Me: BECAUSE I NEVER KNOW WHAT TO DO WITH MY HANDS!
“Can someone call me a doctor?!”
You’re a doctor.
“Please I’m losing my patience!”
You’re a terrible doctor.
Slot twist: That USB drive goes in the other way. Turn it over
i was gonna go to work today but i lotioned after my shower and now i can’t get my jeans on
BOSS: You all get 1 floating holiday
COWORKER: I’m taking Earth Day off
ME: [knowing a day on Venus is 243 Earth days] I’ll take Venus Day
fire doesn’t get enough credit for being so welcoming. it’s always like “hey you wanna come be fire too?”
I lost an ibuprofen under my dresser a week ago and now I’m worried the spiders are coming after me with no headaches and renewed vigor.
Barbie’s head is in the refrigerator. Ken swears a “giant child” did it. The police shrug and slap handcuffs on Ken and lead him away.

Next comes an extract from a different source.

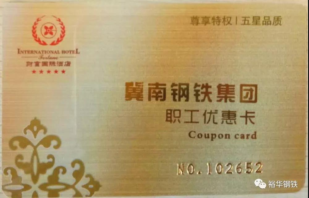 为体现集团领导对员工的真切关爱,7月初,裕华、文丰等三个厂区每一名员工都收到一份特殊的礼物,“冀南钢铁集团职工优惠手册”“冀南钢铁集团职工优惠卡”,凭借此卡,我们即刻拥有五星级财富国际酒店的尊享特权!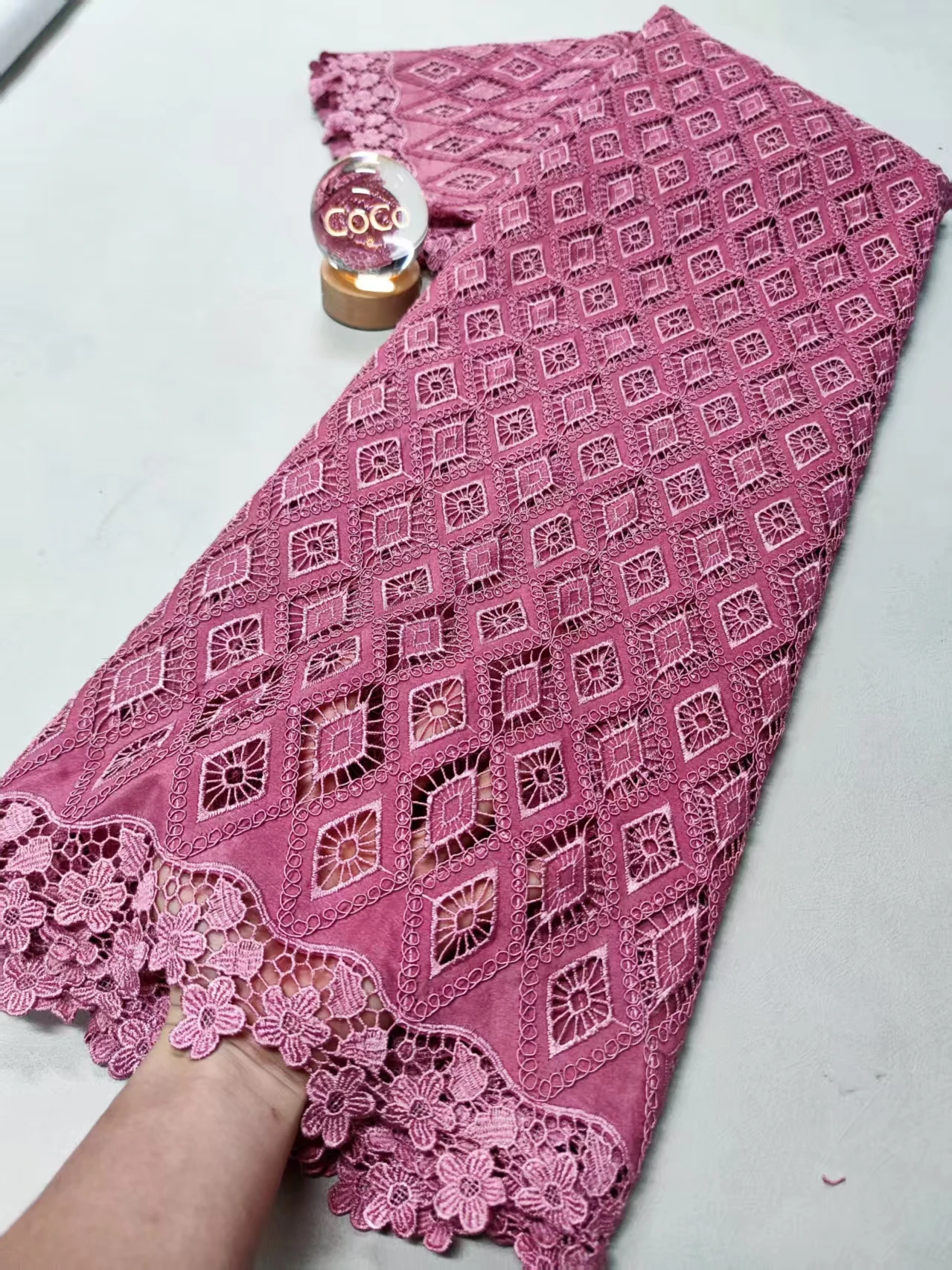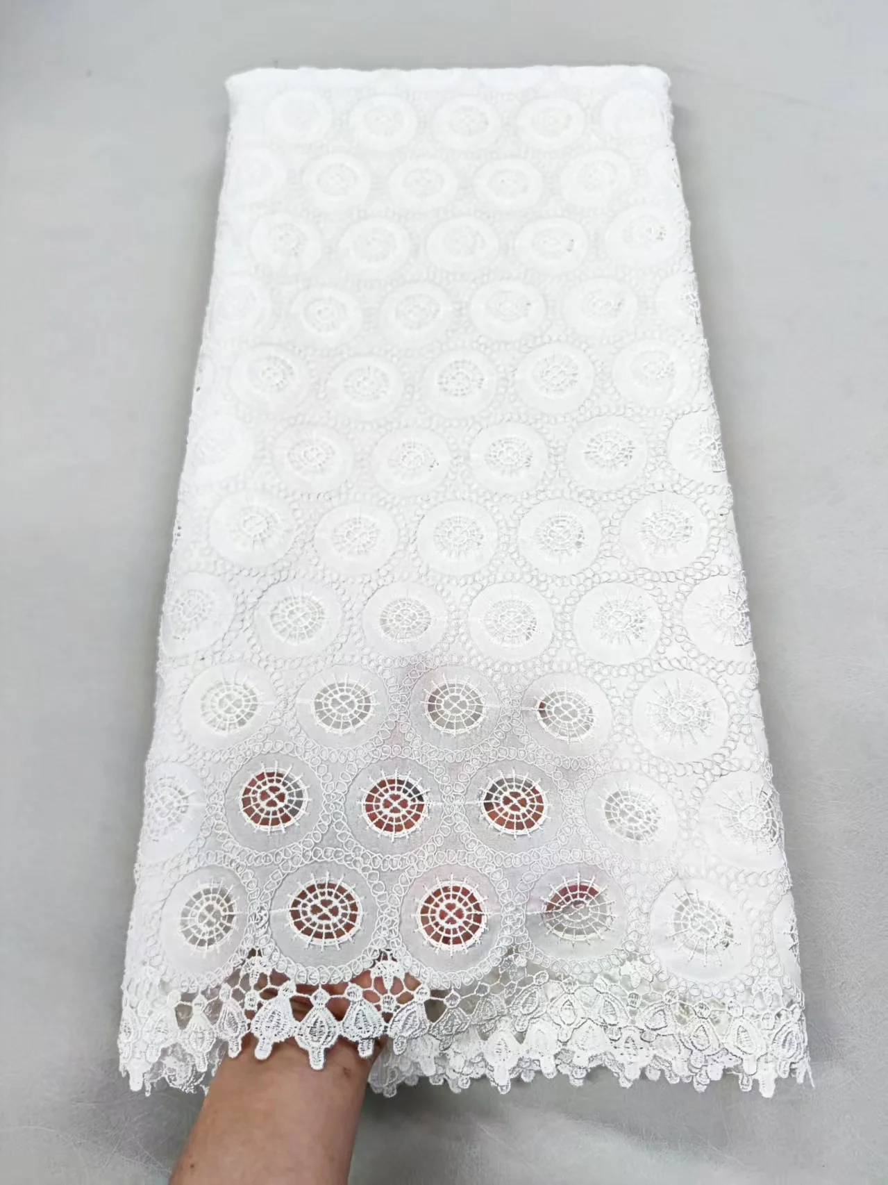 2025 High-Quality Africa Nigerian Sequins Cotton Embroidery Lace Fabric Tulle 5 Yards for Wedding Party Dress Chiffon XL077

Them: You’re too pretty to look so sad
Me: Sorry, I’ll try to look more ugly
I think I am adventurous until I have to follow a detour or park in a tight lot
*pretty girl walks by and doesn’t make eye contact*
She must be intimidated that I manage a fantasy football team that is 8-1
At my funeral, I want them to play “Thriller” and have someone that looks like me climb out of a casket, dancing.
(wins at death)
New modem
5yo: What is that?
Me: an alien detector
5: It has a glowing green light.
Me: means it found one.
5: It’s pointing right at you
Me *evil grin* I know
FROM: Harvard
SUBJ: Your PhD application
We are unable to accept you at this time as “Teaching Squirrels Karate” is too cool for us.
what do you mean mosquito spray expires? that’s what i’m trying to do. poison them.

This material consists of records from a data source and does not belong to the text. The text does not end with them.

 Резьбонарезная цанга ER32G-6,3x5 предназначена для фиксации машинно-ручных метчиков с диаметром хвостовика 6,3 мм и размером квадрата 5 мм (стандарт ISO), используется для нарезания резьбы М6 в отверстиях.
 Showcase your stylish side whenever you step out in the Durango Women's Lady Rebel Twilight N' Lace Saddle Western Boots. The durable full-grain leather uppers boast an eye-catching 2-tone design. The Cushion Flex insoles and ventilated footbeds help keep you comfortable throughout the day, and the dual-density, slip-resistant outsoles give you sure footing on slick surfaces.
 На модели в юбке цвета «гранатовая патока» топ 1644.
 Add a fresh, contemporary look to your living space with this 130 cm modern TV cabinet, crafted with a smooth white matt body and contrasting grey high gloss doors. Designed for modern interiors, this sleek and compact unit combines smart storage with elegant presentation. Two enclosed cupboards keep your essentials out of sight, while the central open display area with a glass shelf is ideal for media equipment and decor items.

ME: We left the kids at their grandparents
FRIEND: Date night?
ME: No we just don’t like them anymore
[pharmacy]
“Can I help you?”
Yeah, could you recommend anything over the counter for this?
*lifts shirt to reveal 7 fresh gunshot wounds*
2005 Single
2006 Single
2007 Single
2008 Single
2009 Single
2010 Single
2011 Single
2012 Single
2013 Single
2014 Single
2015 Single
2016 Single
2017 Single
2018 SingleReward me for consistency please
“You’ll sleep when I’m dead” — my phone
me: if there are any spirits here, pleasant yourself to us
ghost: bro did you just say pleasant instead of present?
me: oh no
2nd ghost: lmao this idiot said pleasant
3rd ghost: pleasant
4th ghost: pleasant
5th ghost: pleasant
me, last week when it was dark in evenings: what is the point of anything
me a week later now there is light: I am so happy to be alive so I can eat fresh mango
Sitting down and tilting your head to the side will increase your chances of food intake by 82%.
– Dog Logic
If red meat has so much iron in it why don’t cows rust? And another thing
Him: Hey can you help with these groceries in the trunk?

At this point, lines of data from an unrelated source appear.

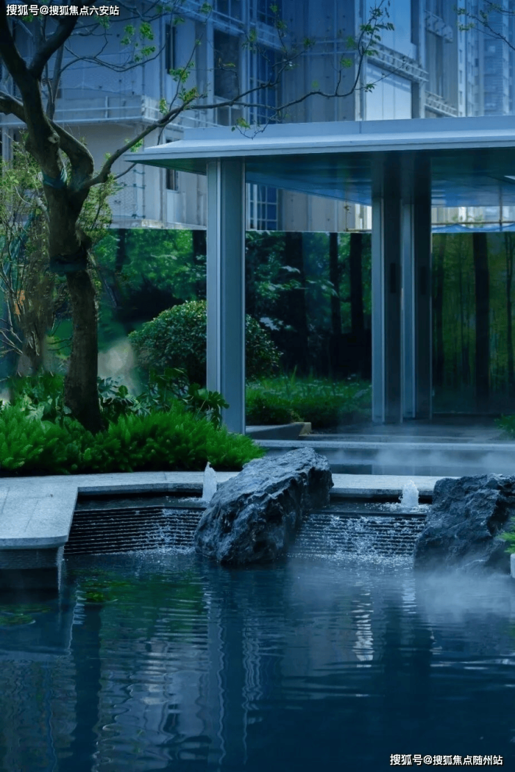 1. 景观体系: 以“一廊三心九园”为核心理念,风雨连廊串联楼栋,中央草坪衔接茶亭、水景花园等功能模块,九大口袋花园满足儿童娱乐、老人休憩与青年社交需求。
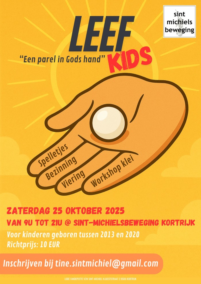 LEEF-Kids Belevingsdag in Kortrijk zaterdag 25 oktober 2025 van 09:00 uur tot 20:00 uur OverSprekersAanmelden Richtprijs EUR 10 Inschrijven en Info: tine.sintmichiel@gmail.com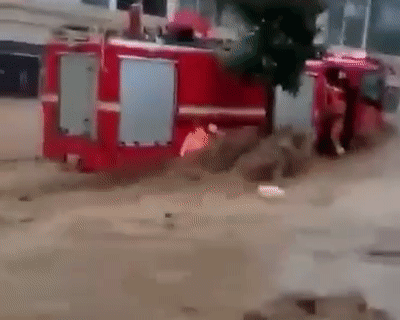 消防车在激流中被冲退
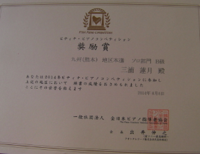 予選が終わった後、じんましん作って、本選死んでも出ないとだだこねてたのを(練習がきついから)、私とルーミン先生で説得し、曲をクレメンティのソナチネからハイドンのメヌエットに変更して、約3週間で何とか仕上げる暴挙に出ましたが、今回は恥かいても予選通過したからには本選に出るという気持ちで臨んで、高望みはしてなかったので、奨励賞でも嬉しかったです。

Me: No way, Charles Manson!
Him: But I just..
Me: I’VE SEEN THE NEWS
HIM: We’ve been married for 12 years
Me *hurries in our house and locks the door*
My teenager just stuck one of her AirPods in my ear and Eminem was playing. She looked me dead in the eye, as if I haven’t blasted this a million times, and had the audacity to ask, “isn’t he good?””
My neighbours just submitted a petition that I stop setting traps for stray pigs after I caught my 16th police man today.
Her: I can’t eat all that.
Me: … That’s a blueberry.
Thinking about how if early humans had obituaries how many of them would just read, “He tried a new kinda berry.”
I love how Hello Fresh always gives me way more garlic than I need. I admire a company not afraid to take a firm stance against Dracula.